(Collection entries)
▼▼▼

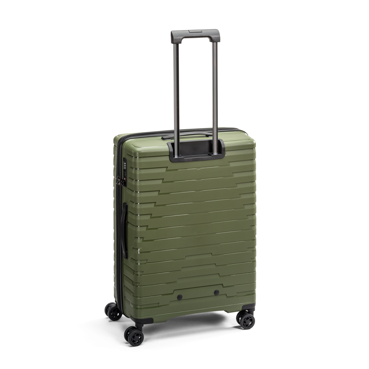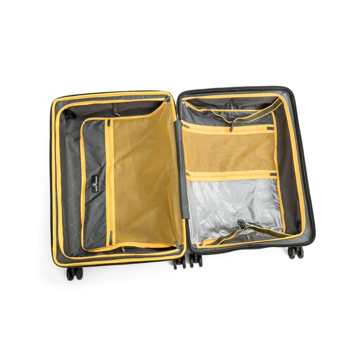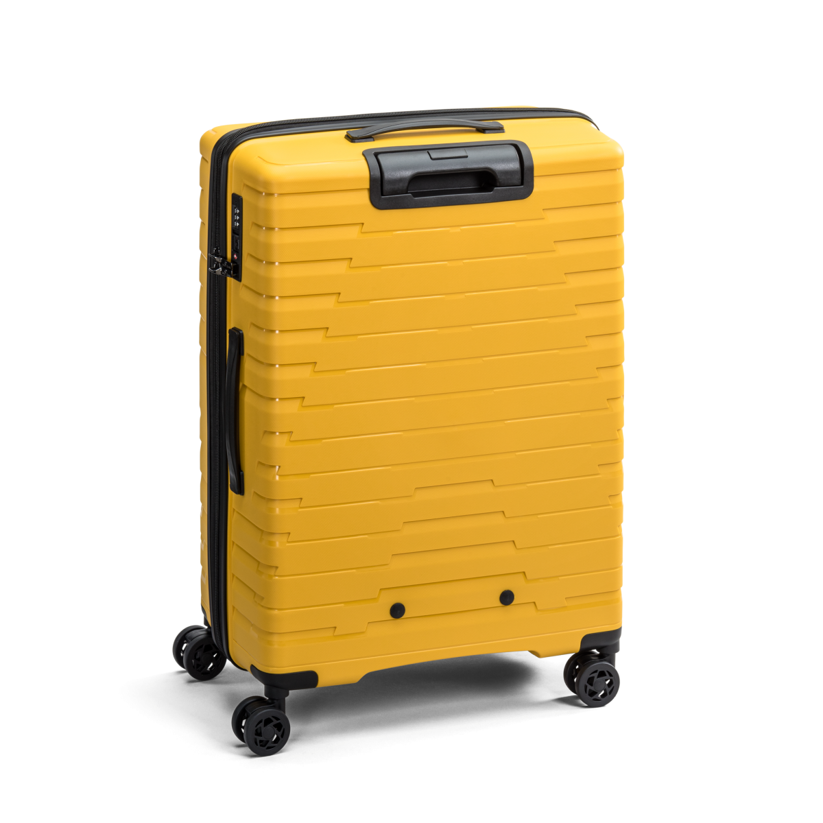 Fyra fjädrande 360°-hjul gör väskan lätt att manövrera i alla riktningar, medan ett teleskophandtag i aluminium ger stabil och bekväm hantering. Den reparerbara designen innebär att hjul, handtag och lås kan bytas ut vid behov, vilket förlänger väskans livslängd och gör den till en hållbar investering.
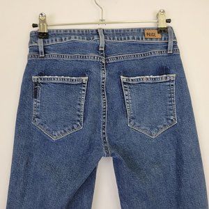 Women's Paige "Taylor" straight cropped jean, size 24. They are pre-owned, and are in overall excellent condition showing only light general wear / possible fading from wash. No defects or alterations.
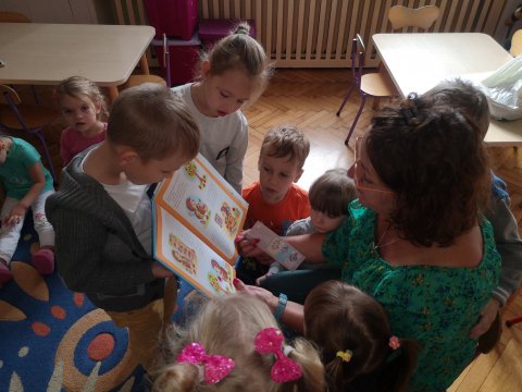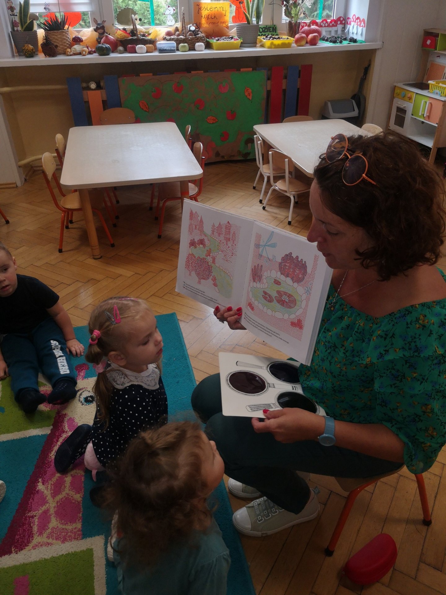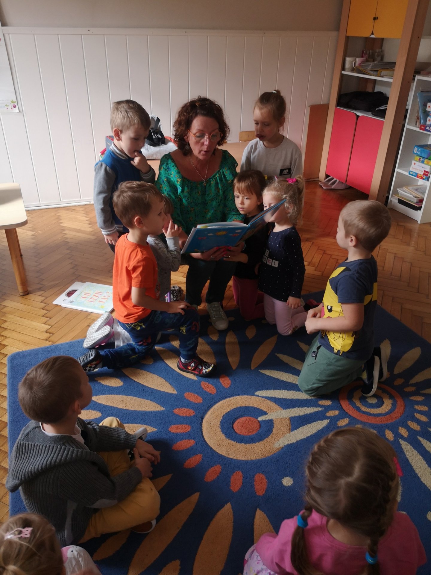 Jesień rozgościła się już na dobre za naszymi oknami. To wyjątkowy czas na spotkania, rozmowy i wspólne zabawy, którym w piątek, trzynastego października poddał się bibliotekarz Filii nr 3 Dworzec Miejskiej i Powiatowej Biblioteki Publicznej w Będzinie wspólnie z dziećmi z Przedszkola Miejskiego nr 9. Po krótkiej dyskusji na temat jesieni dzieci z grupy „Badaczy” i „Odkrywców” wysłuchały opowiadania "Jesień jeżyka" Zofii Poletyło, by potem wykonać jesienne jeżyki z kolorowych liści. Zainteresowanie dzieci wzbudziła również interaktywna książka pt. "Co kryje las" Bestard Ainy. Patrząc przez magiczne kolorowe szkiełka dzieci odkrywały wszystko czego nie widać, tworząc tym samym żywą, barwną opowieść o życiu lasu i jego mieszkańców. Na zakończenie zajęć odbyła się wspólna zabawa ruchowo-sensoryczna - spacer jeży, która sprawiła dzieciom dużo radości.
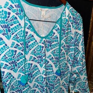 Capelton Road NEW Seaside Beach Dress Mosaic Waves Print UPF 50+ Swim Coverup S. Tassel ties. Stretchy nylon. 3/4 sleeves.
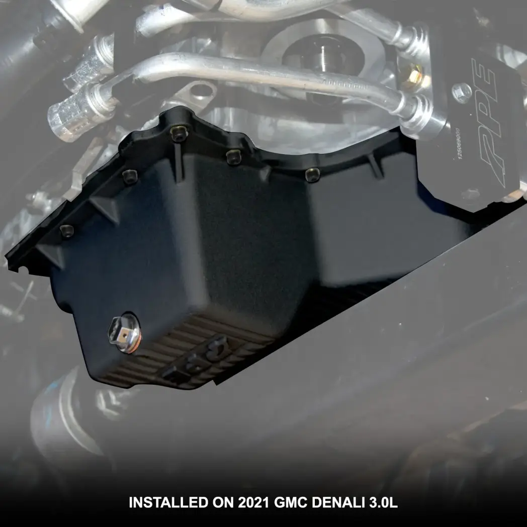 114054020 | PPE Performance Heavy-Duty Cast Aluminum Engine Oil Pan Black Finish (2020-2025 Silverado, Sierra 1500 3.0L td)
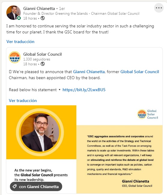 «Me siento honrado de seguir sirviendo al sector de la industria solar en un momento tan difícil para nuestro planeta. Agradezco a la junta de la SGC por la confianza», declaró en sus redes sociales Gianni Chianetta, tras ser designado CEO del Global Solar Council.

▲▲▲

▶ **Your goal**:
Your reply should consist solely of the lines above, from the opening line through the line with "defects or alterations.", reproduced exactly and without pictures.

▶ **Answer to the exercise**:
 Fyra fjädrande 360°-hjul gör väskan lätt att manövrera i alla riktningar, medan ett teleskophandtag i aluminium ger stabil och bekväm hantering. Den reparerbara designen innebär att hjul, handtag och lås kan bytas ut vid behov, vilket förlänger väskans livslängd och gör den till en hållbar investering.
 Women's Paige "Taylor" straight cropped jean, size 24. They are pre-owned, and are in overall excellent condition showing only light general wear / possible fading from wash. No defects or alterations.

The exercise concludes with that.